The Northwest Power and Conservation Council estimated in September that energy demand from pot growers in Washington, Oregon, Idaho and Montana will nearly double over the next 20 years.
The anticipated increase in energy demand from legal recreational marijuana also caught the attention of investor and consumer-owned utilities. At a hearing in February, Portland General Electric government affairs analyst Brendan McCarthy told lawmakers on the committee working to implement legal pot that 85 percent of residential transformer problems it handles are caused by indoor marijuana grows.
McCarthy said there is currently a shortage of information about energy demand from pot grows. Utilities want the information so they can deliver the power cannabis growers need and plan for energy efficiency measures. McCarthy said utilities also need that information so they can keep employees and customers safe.
“It doesn’t help us for someone to say, ‘We’re gonna start a pottery business and we’re gonna have a lot of kilns running,’” McCarthy said. “We’ve heard that.”
Power-hungry pot gardens can rival the energy intensity of data centers, with lights as intense as in operating rooms and air circulating at 60-times the rate of ventilation in a modern home.
The increase in energy usage that accompanies growth of the marijuana industry has been documented when states legalized medical pot.
After California legalized medical marijuana in 1996, per capita residential electricity usage increased by 50 percent in Humboldt County, according to research by Evan Mills, a senior scientist at the Lawrence Berkeley National Laboratory in California, published in the journal Energy Policy in 2012.
Enright said Mills’ research is still the “most definitive work” on energy consumption by pot growers.
Mills estimated at the time that indoor cannabis cultivation and transport of the product was responsible for 1 percent of national energy consumption or $6 billion each year. The study also looked into the amount of greenhouse gas emissions from pot gardens.

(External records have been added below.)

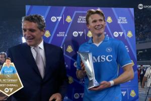 體育資訊05月24日訊 意甲第38輪,那不勒斯2-0擊敗卡利亞里,鎖定意甲冠軍。上半場(chǎng)麥克托米奈打入凌空側(cè)鉤,幫助球隊(duì)先開(kāi)紀(jì)錄,同時(shí)也成功當(dāng)選本賽季意甲MVP。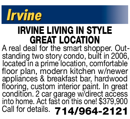 IRVINE LIVING IN STYLE GREAT LOCATION A real deal for the smart shopper. Outstanding two story condo, built in 2006, located in a prime location, comfortable floor plan, modern kitchen w/newer appliances & breakfast bar, hardwood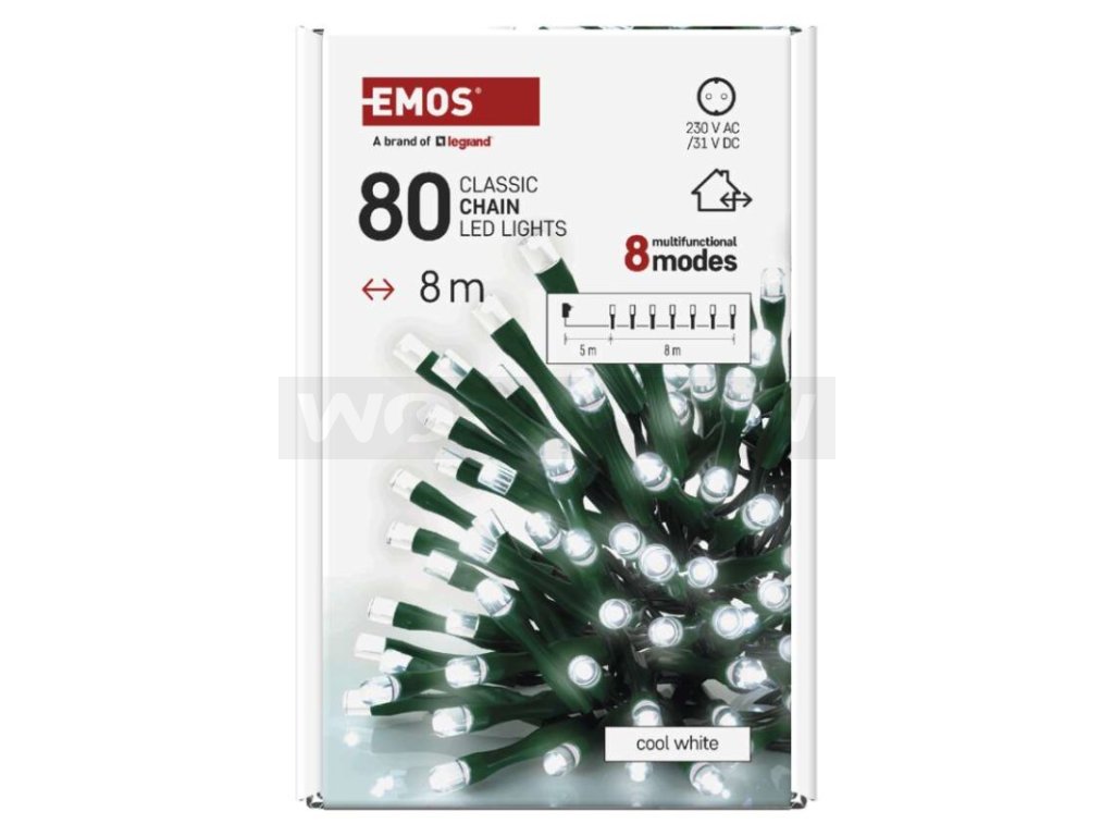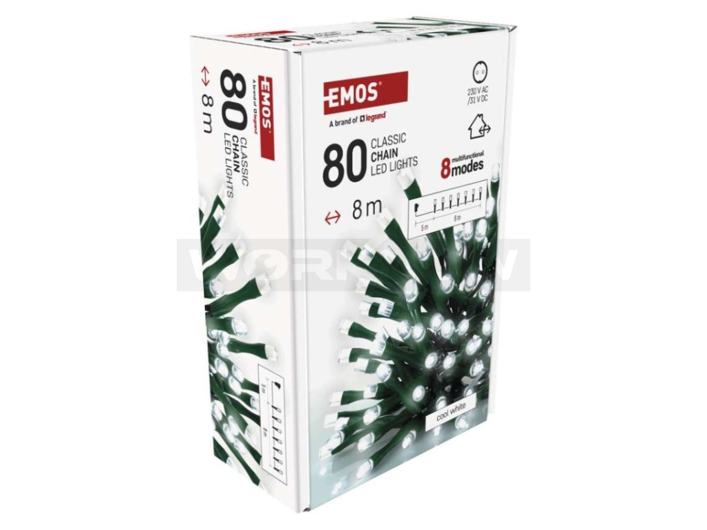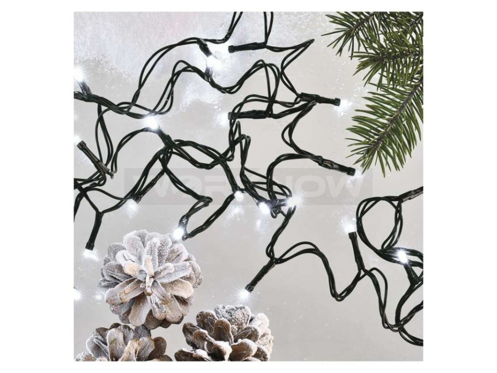 LED vánoční řetěz, 8 m, venkovní i vnitřní, studená bílá, programy, časovač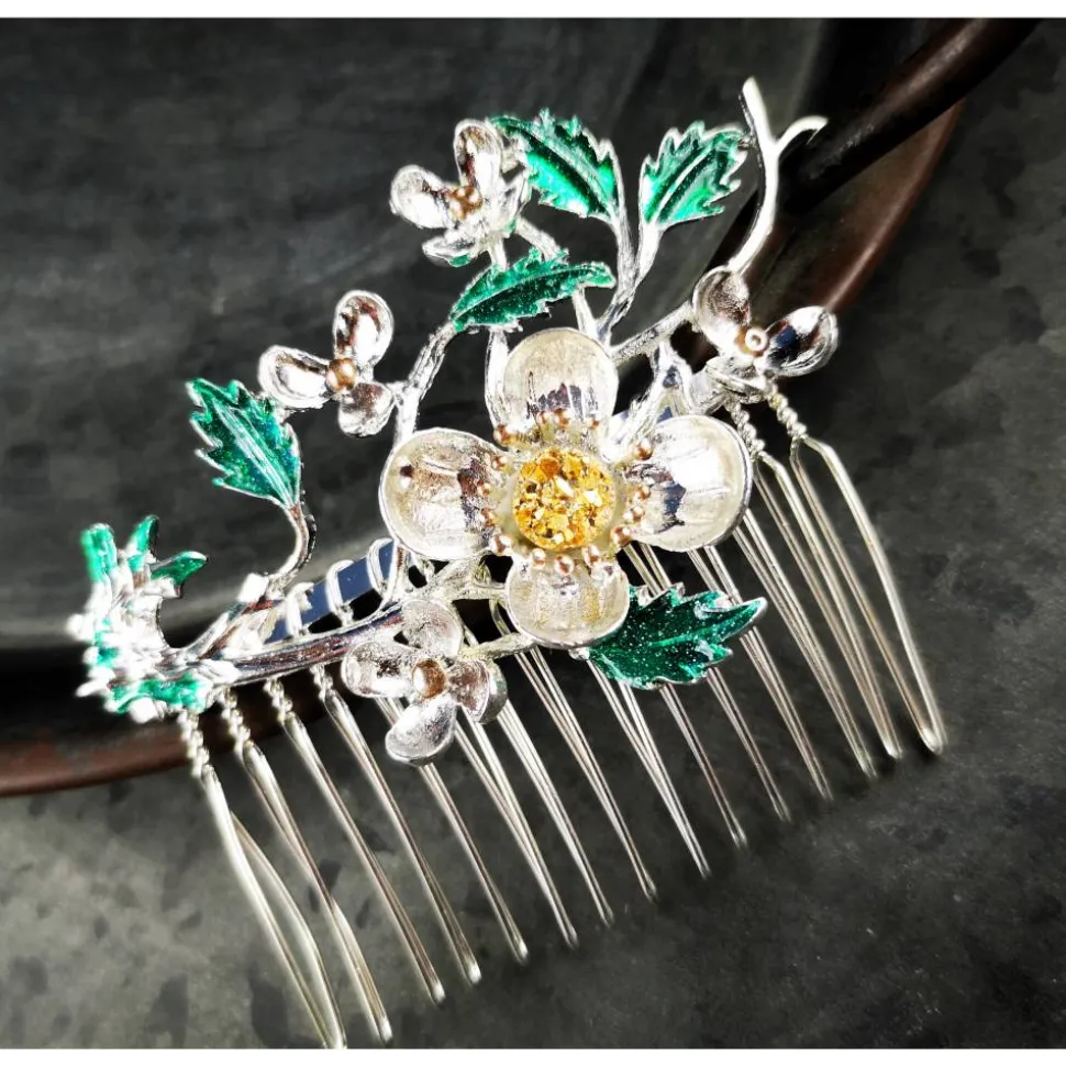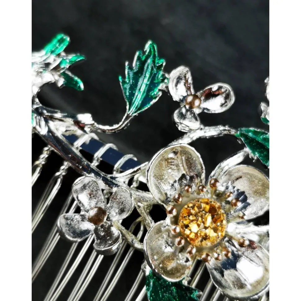 Dieser Haarkamm ist nur an den Zacken flexibel zum leichteren Einarbeiten in die Frisur. Das Ornament ist hier aus dickerem Metall (bitte nicht biegen).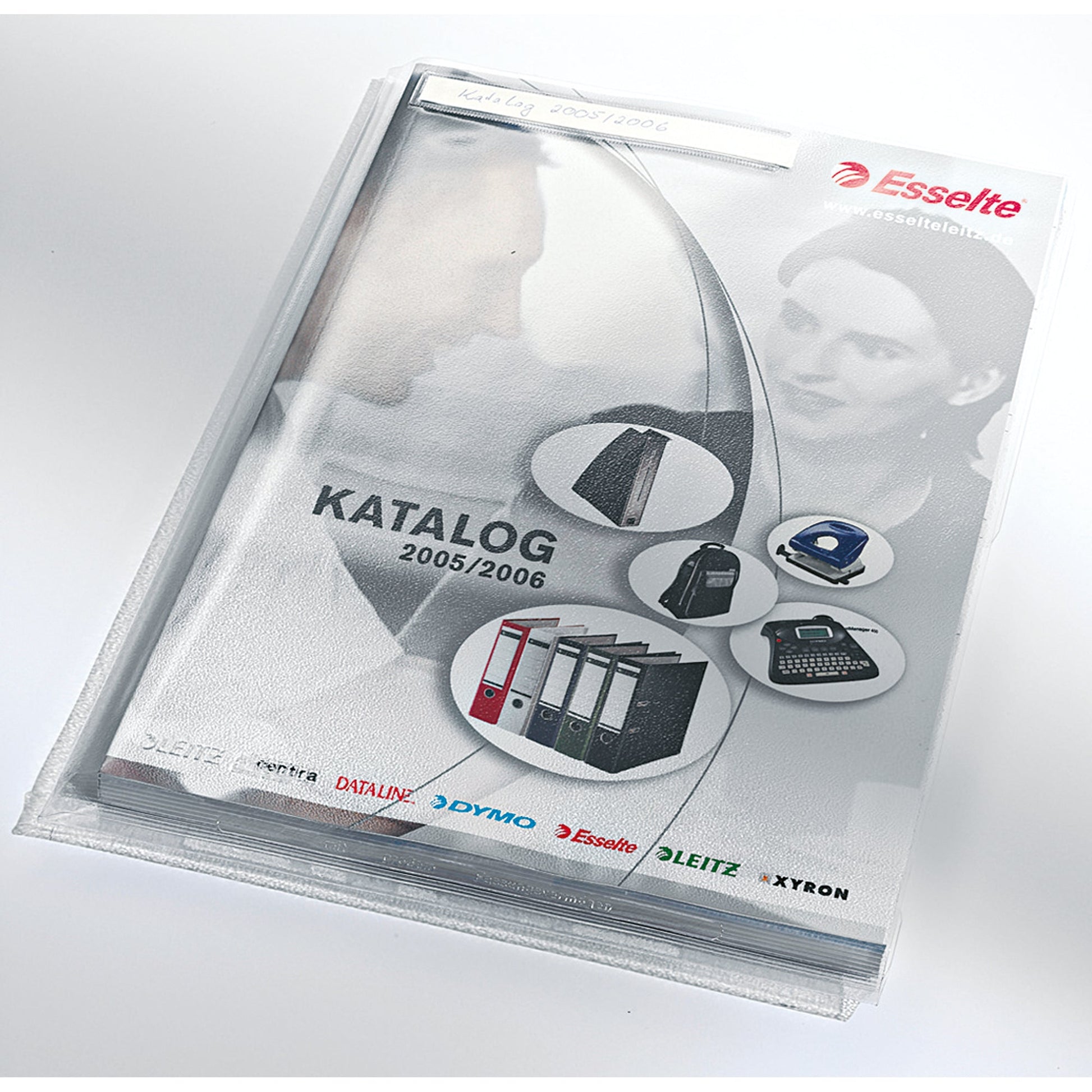 farblosMit dehnbarem, verstärktem Boden für voluminöse Kataloge und Dokumente.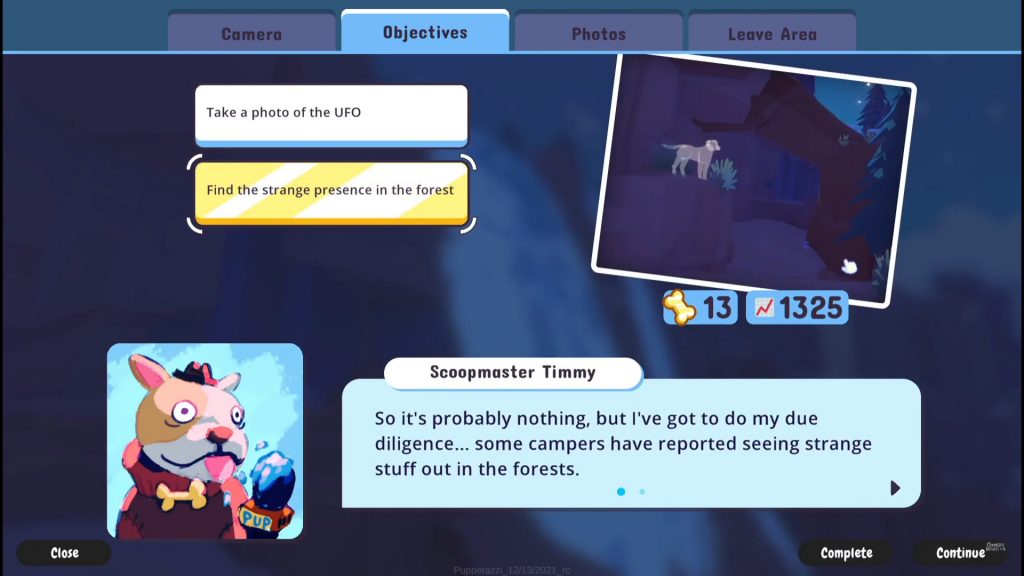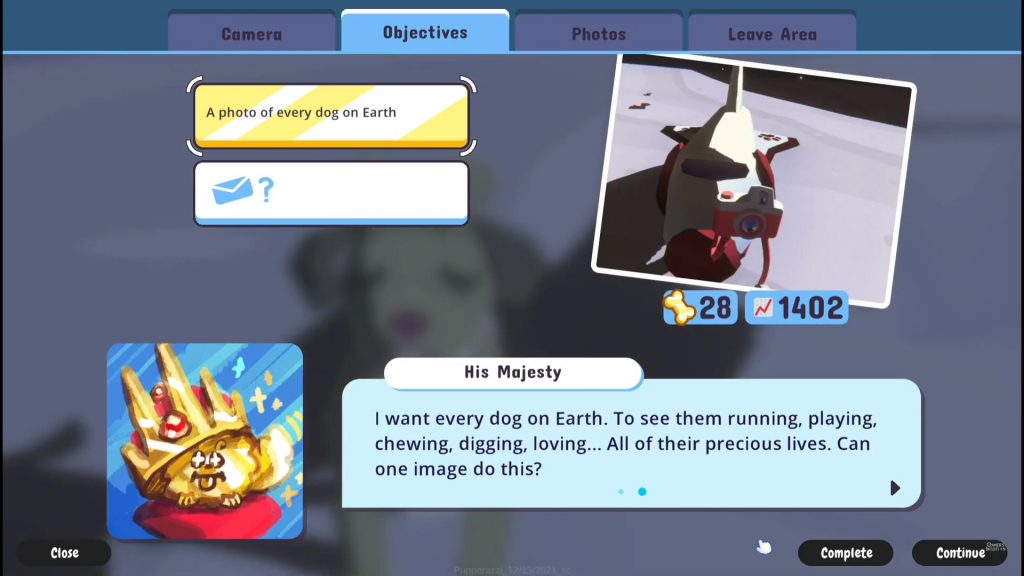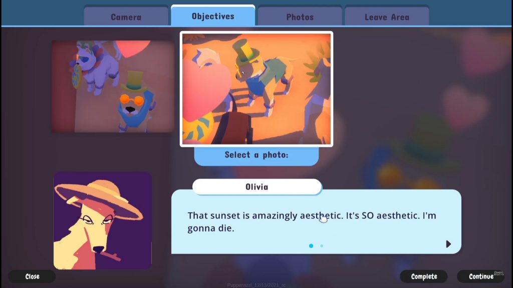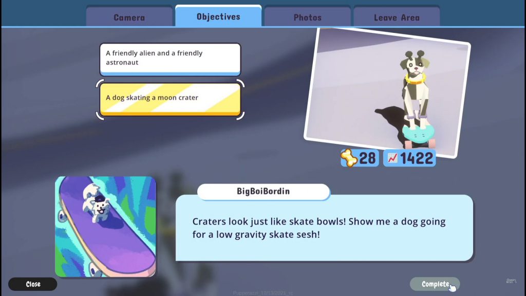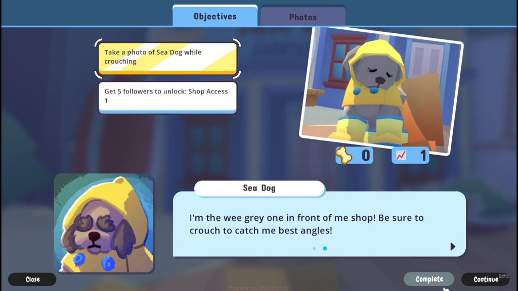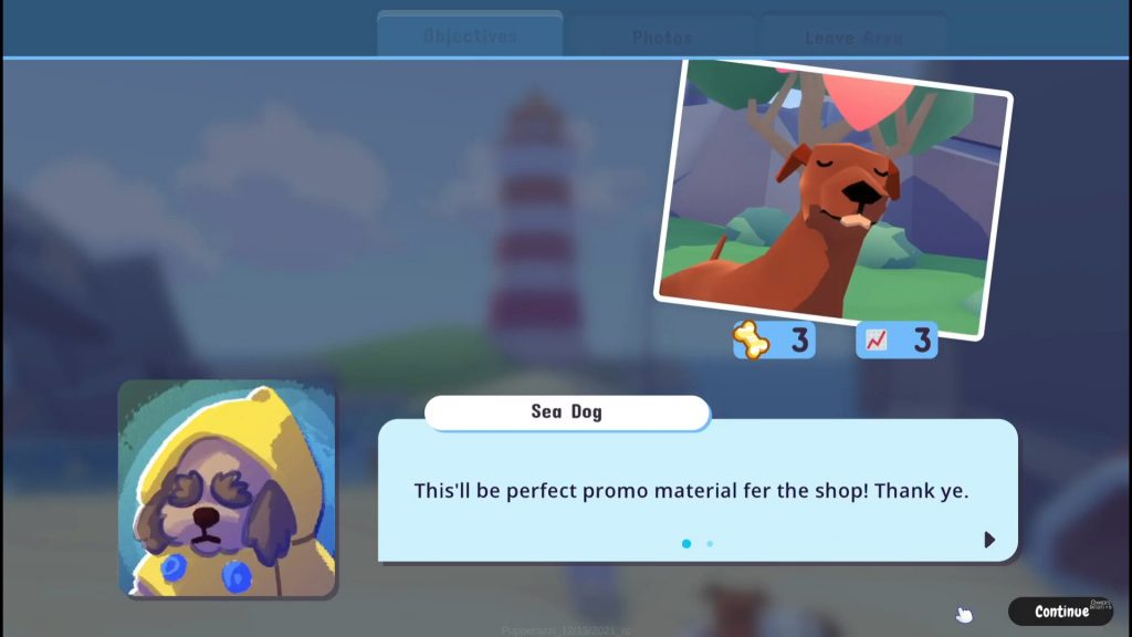 Most objectives are little quests that require you to snap a particular photo. This can be anything ranging from a dog doing a certain type of activity (ex: fetching a stick), wearing a particular clothing item or accessory, a dog in a certain scenario, or photographing a dog at a certain angle or time of day. A few others include a variety of tasks revolving around exploration, such as cleaning up the skate park or re-opening an old arcade.

“One average kilogram of final product is associated with 4,600 kg of carbon dioxide emissions to the atmosphere, or that of 3 million average U.S. cars when aggregated across all national production,” Mills wrote.
Criminalization of marijuana was only part of the reason growers favored indoor gardens; the environmental control has also allowed them to increase yields and control pests and other issues. Mills wrote that indoor marijuana growers could reduce the energy intensity of their operations by as much as 75 percent, if they adopt commercially available technologies such as those used by indoor agricultural greenhouse operators.